During an ecology unit in their biology class, tenth graders read a local article on “Living with Lyme Disease.” As a follow-up, their teacher brought in two guest speakers who have the disease. Following those presentations, the students decided to engage in a service-learning project focused on Lyme disease in their area.
Through Internet and library research, and interviews with local experts, the students learned about the causes and effects of Lyme disease.

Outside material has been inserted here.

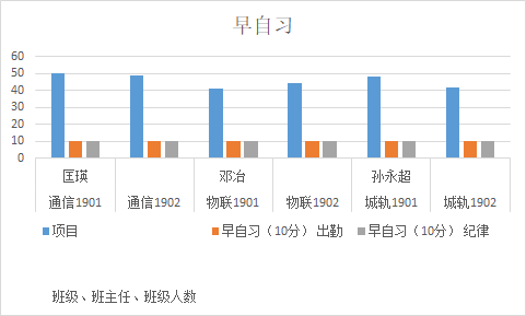 从表中可以看出,早自习通信2001班、通信2002班、通信2003班、物联2003班,希望辅导员及各班班长加强管理。

They discovered that the State had inadequate data on the prevalence of deer ticks, so the students decided to gather data on how many deer ticks were in their community. Working with scientists from the State Department of Forests, Parks and Recreation, students developed a safety protocol to use while they were doing field surveys—including wearing full-body Tyvek suits to protect themselves.
After gathering the data (which they reported to state agencies), students determined that Lyme disease was indeed a threat in their area and set out to educate their community. They brainstormed different ways to educate the public and then formed small working groups according to their personal interests. Each group created goals, an action plan, a timeline and an outline of individual tasks.
To help educate their community, the students produced a movie about Lyme disease, a web page, a benefit dinner (with a PowerPoint presentation about the disease), a radio interview, a public service announcement, informational pamphlets and a puppet show for elementary students. By reaching out through so many different means, the students were able to inform many community members about the dangers of Lyme disease.